Fan et al. [56] reported a novel sandwich-structured catalyst (C/Cu/C) prepared via a bidirectional freezing-freeze-drying method, which features reduced graphene oxide (rGO)-encapsulated Cu nanowires in a layered architecture for efficient electrocatalytic CO₂ conversion to C₂ products (Figure 6a). The rGO layers form a physical barrier to restrict the free diffusion of *CO intermediates, significantly enhancing their local concentration compared to disordered mixtures, thereby promoting C–C coupling to generate C₂ products (e.g., ethanol, ethylene) (Figure 6b–e). SEM and TEM images revealed the layered arrangement and porous structure of the sandwich architecture, with nanosized Cu uniformly embedded between rGO layers (Figure 6f,g). XRD patterns confirmed the presence of rGO (broad peak at ~27°) and the (111) crystal plane of Cu (2θ = 43.3°), further verifying the sandwich structure (Figure 6h). The catalyst achieved a C₂ Faradaic efficiency (FE) of 47% at 200 mA cm⁻², nearly double that of the disordered mixture (25%) (Figure 6i). In situ FTIR spectra showed a distinct *CO characteristic peak at 2146 cm⁻¹ for the sandwich structure, indicating *CO enrichment, whereas the disordered mixture exhibited a *CHO peak at 1742 cm⁻¹, corresponding to increased CH₄ production (Figure 6j,k). These characterizations collectively demonstrated that in disordered mixtures, *CO freely diffused into the electrolyte bulk, while in the sandwich structure, *CO was confined between layers, facilitating C–C coupling for enhanced C₂ product formation (Figure 6l).
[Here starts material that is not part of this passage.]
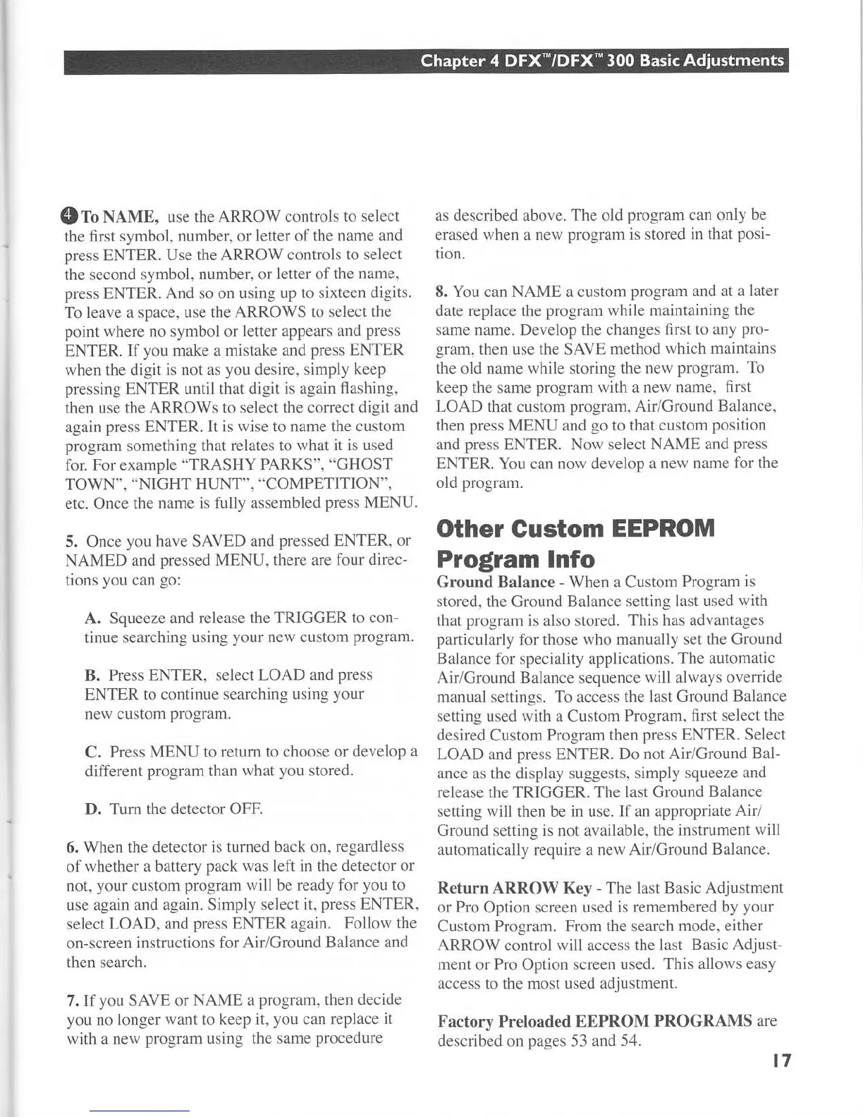 Whites DFX - Other Custom EEPROM Program Info; Ground Balance; Return Arrow Key; Factory Preloaded EEPROM Programs
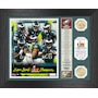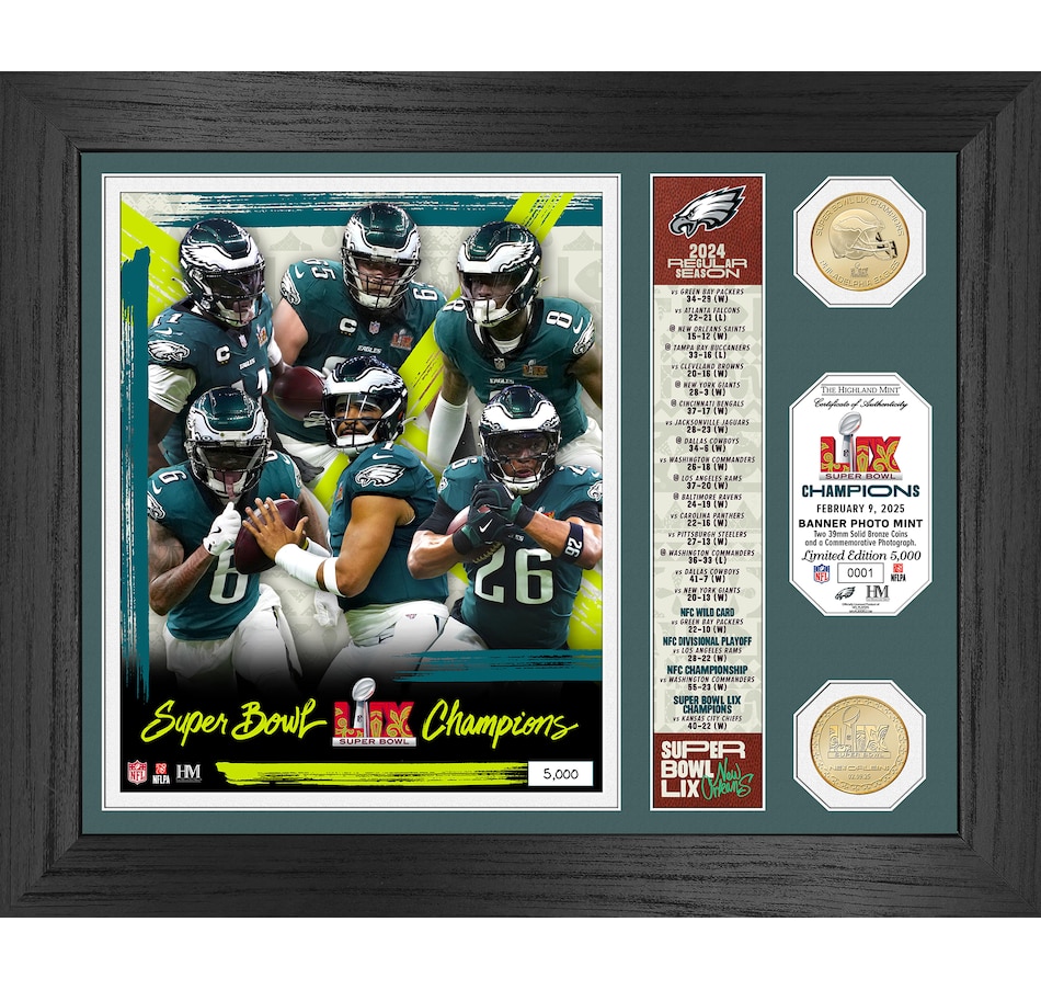 This limited edition 13" x 16" frame features (in double matting under acrylic glass) an 8” x 11” hand numbered print commemorating the Super Bowl LIX Champions Philadelphia Eagles, featuring key players combined with a banner listing the scores of every game this season as well, as the 39mm minted Super Bowl LIX Champions bronze coin and the Super Bowl LIX Bronze Coin. Issues in a limited edition of 5000 and officially licensed by the NFL and NFLPA, each has a certificate of authenticity matted in the frame between the minted coins. This product is proudly made in the USA by The Highland Mint!

2.3. Three-Dimensional Nanoconfined Catalysis

Three-dimensional nanoconfined catalysis is a catalytic reaction in a nanoconfined space characterized by a porous or layered structure. Examples of such structures include a three-dimensional porous membrane or a nanoparticle-filled system. The electronic structure and reaction mass-transfer pathway are regulated by the three-dimensional spatial confinement effect and interfacial synergism, thereby achieving efficient and precise catalytic performance. The fundamental principle underlying this phenomenon pertains to the observation that the three-dimensional nanoconfined space (e.g., nanopores, interlayer channels) exerts a significant influence on the electronic energy states (e.g., valence electron orbital properties) of the catalysts. This influence is facilitated by geometric constraints, resulting in the formation of a localized high-concentration reaction environment. Concurrently, this process reduces the migration distance of free radicals and stabilizes the active sites. The characteristics of 3D nanoconfined domain catalysis can be summarized as follows: electronic structure modulation, high specific surface area and mass transfer optimization, spatial stabilization, and efficient radical utilization [78,79,80,81,82,83].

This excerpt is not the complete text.